■ EXERCISE ■
Copy out each line below verbatim, skipping any picture.

■ RECORDED DATA ■
·····
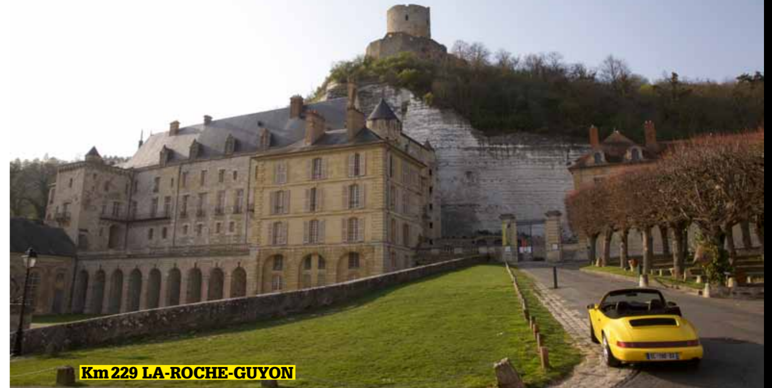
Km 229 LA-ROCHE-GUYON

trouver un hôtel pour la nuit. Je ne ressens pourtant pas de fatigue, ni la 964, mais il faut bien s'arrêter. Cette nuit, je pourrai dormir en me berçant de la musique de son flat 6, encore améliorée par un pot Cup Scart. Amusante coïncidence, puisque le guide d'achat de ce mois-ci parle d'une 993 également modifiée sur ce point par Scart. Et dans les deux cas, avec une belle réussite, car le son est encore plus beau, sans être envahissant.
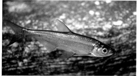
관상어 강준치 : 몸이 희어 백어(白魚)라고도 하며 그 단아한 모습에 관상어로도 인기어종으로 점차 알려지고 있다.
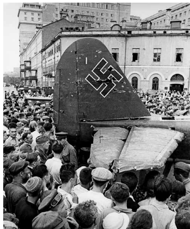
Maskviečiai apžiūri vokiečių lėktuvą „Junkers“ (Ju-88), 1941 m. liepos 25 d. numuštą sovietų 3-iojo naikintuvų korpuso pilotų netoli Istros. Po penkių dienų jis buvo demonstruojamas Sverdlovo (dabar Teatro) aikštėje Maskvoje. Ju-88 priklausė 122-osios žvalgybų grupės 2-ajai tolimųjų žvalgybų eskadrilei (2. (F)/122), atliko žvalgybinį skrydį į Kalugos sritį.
·····
■ SOLUTION FOR THIS TASK ■
Km 229 LA-ROCHE-GUYON

trouver un hôtel pour la nuit. Je ne ressens pourtant pas de fatigue, ni la 964, mais il faut bien s'arrêter. Cette nuit, je pourrai dormir en me berçant de la musique de son flat 6, encore améliorée par un pot Cup Scart. Amusante coïncidence, puisque le guide d'achat de ce mois-ci parle d'une 993 également modifiée sur ce point par Scart. Et dans les deux cas, avec une belle réussite, car le son est encore plus beau, sans être envahissant.
관상어 강준치 : 몸이 희어 백어(白魚)라고도 하며 그 단아한 모습에 관상어로도 인기어종으로 점차 알려지고 있다.
Maskviečiai apžiūri vokiečių lėktuvą „Junkers“ (Ju-88), 1941 m. liepos 25 d. numuštą sovietų 3-iojo naikintuvų korpuso pilotų netoli Istros. Po penkių dienų jis buvo demonstruojamas Sverdlovo (dabar Teatro) aikštėje Maskvoje. Ju-88 priklausė 122-osios žvalgybų grupės 2-ajai tolimųjų žvalgybų eskadrilei (2. (F)/122), atliko žvalgybinį skrydį į Kalugos sritį.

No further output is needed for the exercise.